### INSTRUCTIONS TO FOLLOW
Task for the records below: please retype exactly and only the lines from the first through the one with "Schwarzes T-Shirt aus", with every picture omitted.

··· MATERIAL FOR THIS EXERCISE

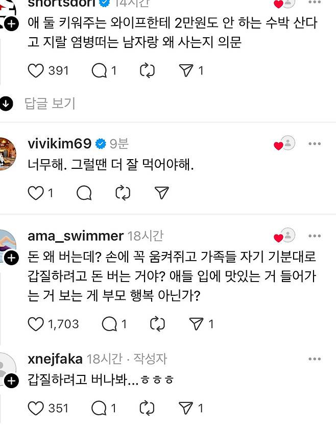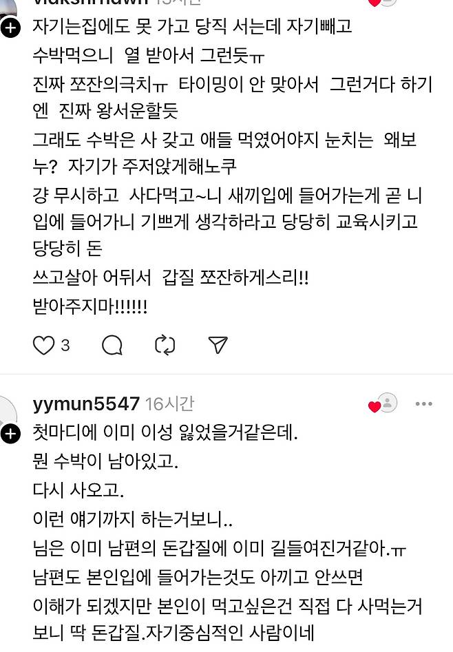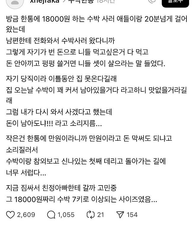 애들 먹는 수박 하나도 못사게 하는 남편
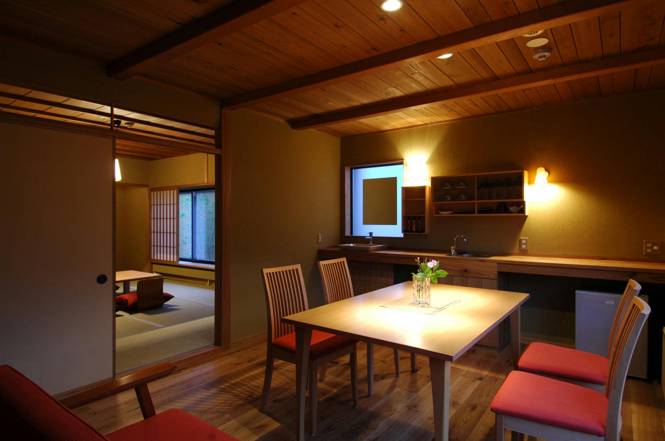 スタンダードのお部屋に6畳のミニキッチンがついたお部屋です。お部屋にはお風呂がついておりませんが、貸切風呂が予約なしで何時でもご利用いただけます。こちらをご利用下さいませ。
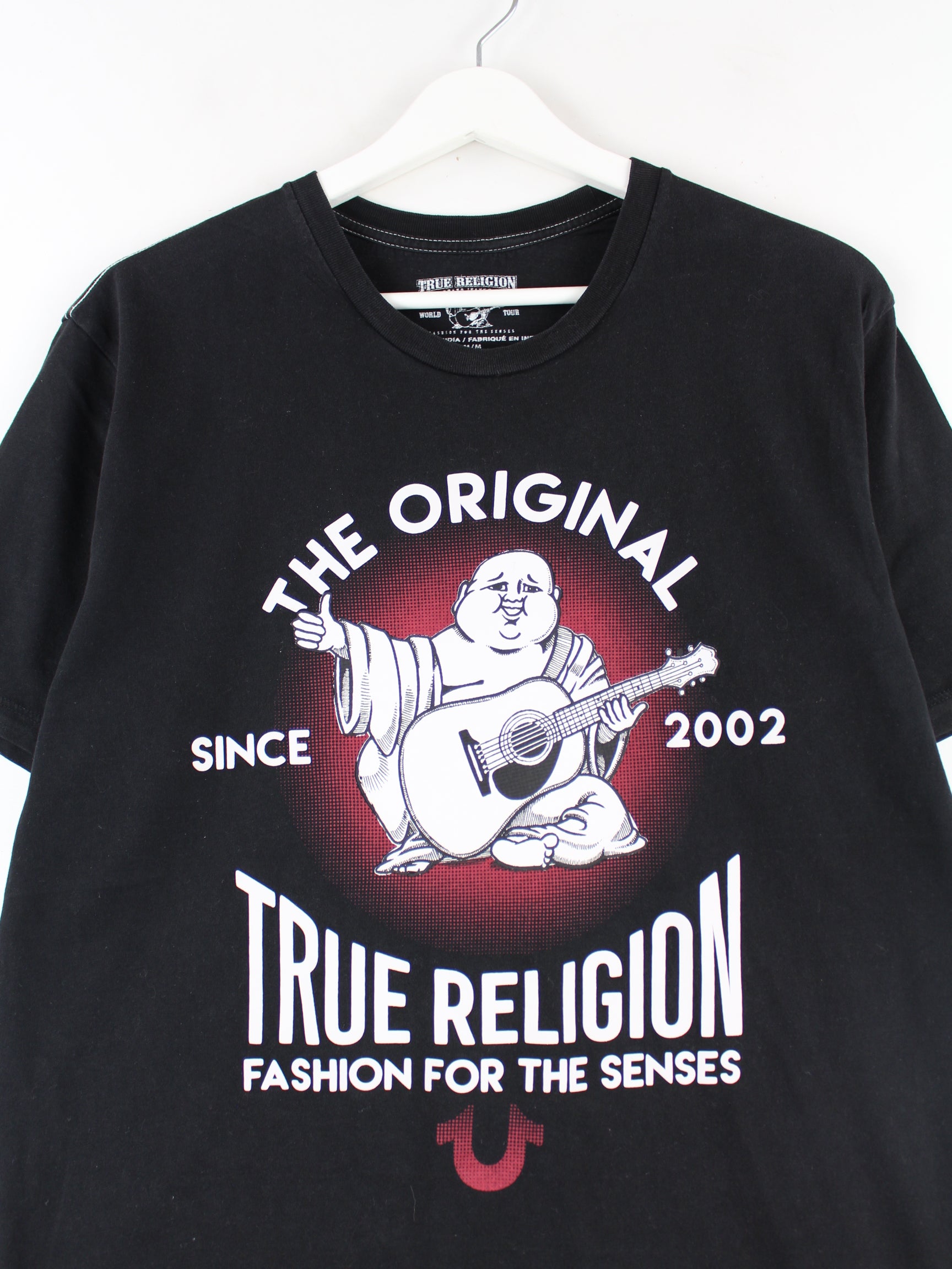 Schwarzes T-Shirt aus dem Hause True Religion in Größe M. Es ist aus Baumwolle gemacht und in sehr gutem Zustand im Bestand. Mit schönem Buddha Print.
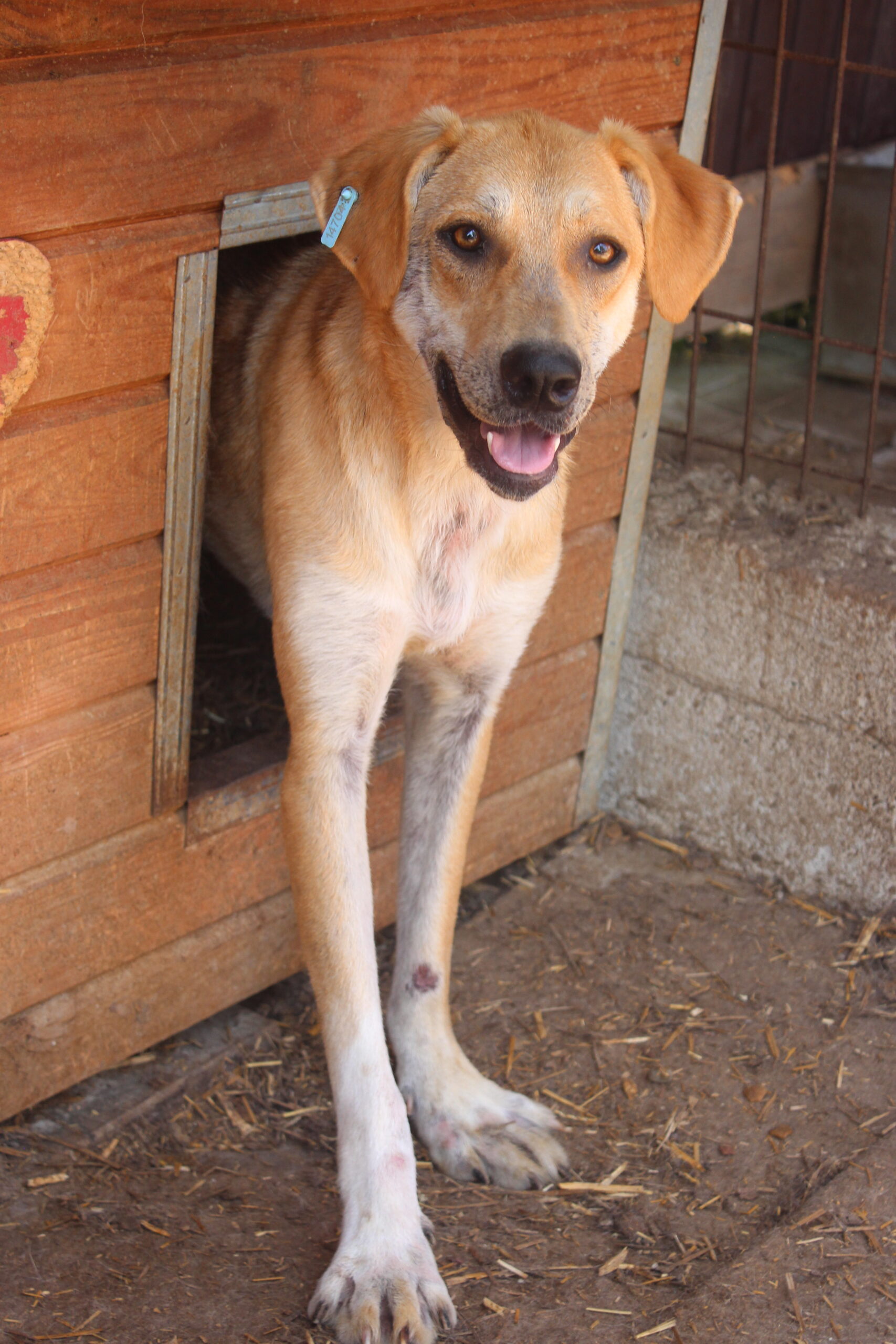 MOJO hat derzeit leider ordentlich Hautprobleme. Ohne aufdringlich zu werden hat er Kontakt zu uns gesucht und dann die Streicheleinheiten in seiner Hütte sehr genossen. Am liebsten wäre er dabei eingeschlafen. Ein rührender Junge, dem niemand eine Chance gegeben hat, sodass er im Shelter aufwachsen musste.
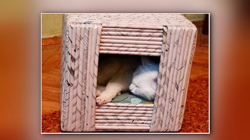 Домики для кошек из газетных трубочек своими руками
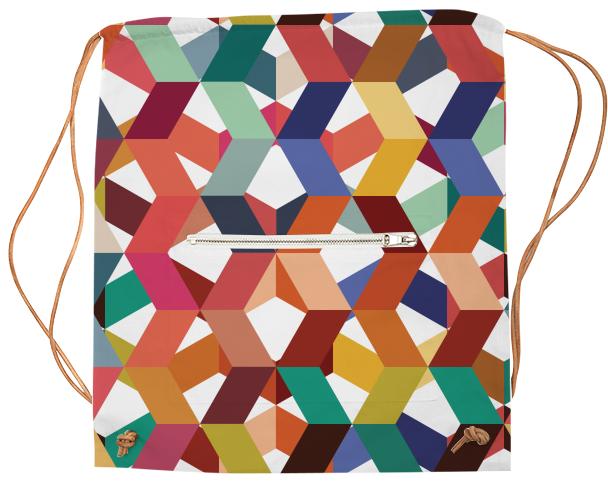 Drawstring sports bag with outside zip up pocket and black or white drawstring straps.
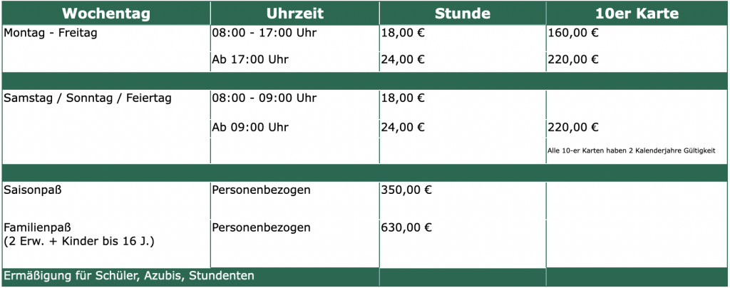 Platz buchen für die Termine ab 17h täglich und am Wochenende telefonisch unter 089 687 275.
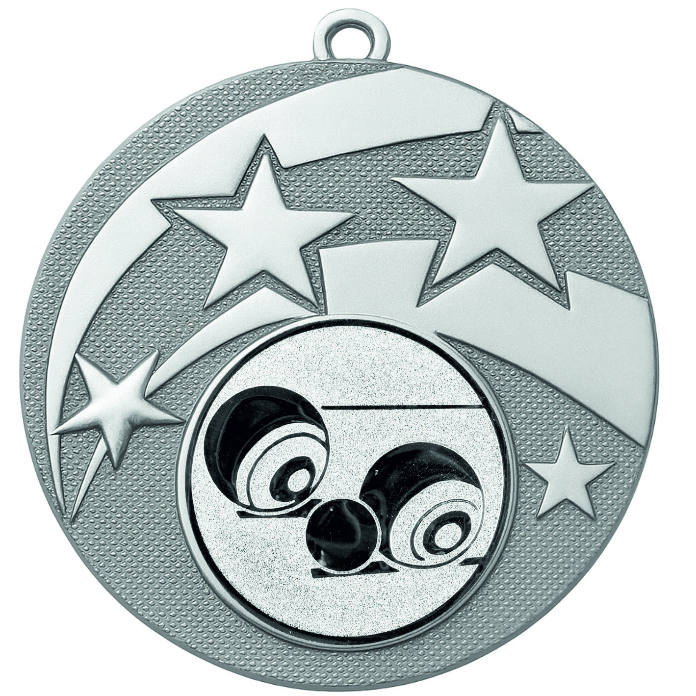 Silver Star Lawn Bowls Medal -FREE Ribbon -BIE.M9457.02 - This 50mm Metal cast Medal includes a free Lawn Bowls logo and free premium quality ribbon.
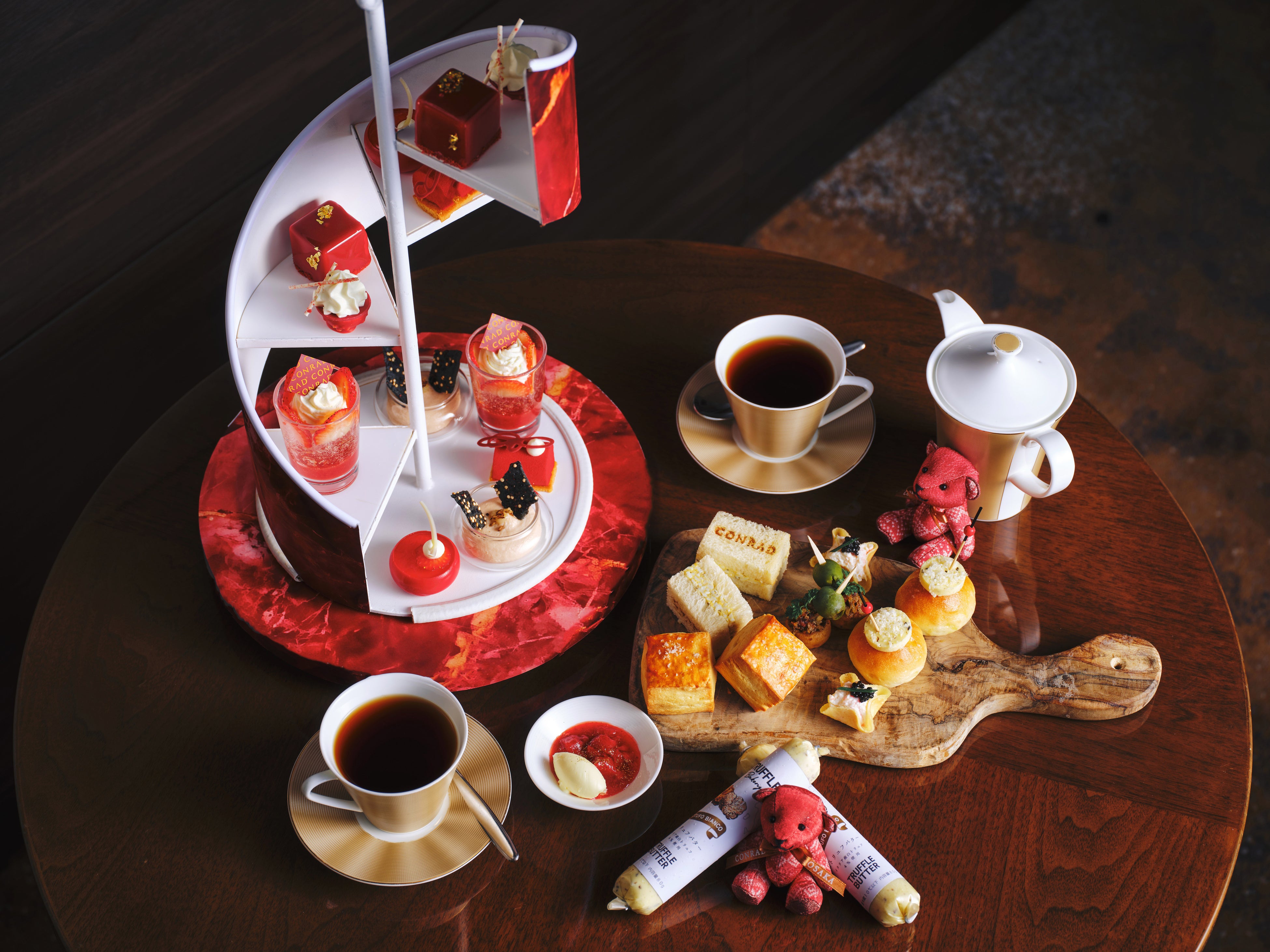 コンラッド大阪(大阪市北区中之島、総支配人マルコ・ティラフェリ)「40スカイバー&ラウンジ」では、人気ベーカリーTruffleBAKERY(トリュフベーカリー)のレシピを使用したコラボレーションセイボリーと、ストロベリーをベルガモットやカモミール、黒胡椒などトリュフと相性の良い素材でアレンジしたスイーツを楽しめる「ウィンター・ストロベリーアフタヌーンティー with TruffleBAKERY」を2024年12月16日(月)~2025年2月28日(金)の期間中毎日開催します。2024-25年秋冬トレンドカラーのバーガンディーを基調としたティースタンドで冬の新作スイーツ6種類とセイボリー5種類、計11種類のメニューをお楽しみください。

······

### OUTPUT BELOW
 애들 먹는 수박 하나도 못사게 하는 남편
 スタンダードのお部屋に6畳のミニキッチンがついたお部屋です。お部屋にはお風呂がついておりませんが、貸切風呂が予約なしで何時でもご利用いただけます。こちらをご利用下さいませ。
 Schwarzes T-Shirt aus dem Hause True Religion in Größe M. Es ist aus Baumwolle gemacht und in sehr gutem Zustand im Bestand. Mit schönem Buddha Print.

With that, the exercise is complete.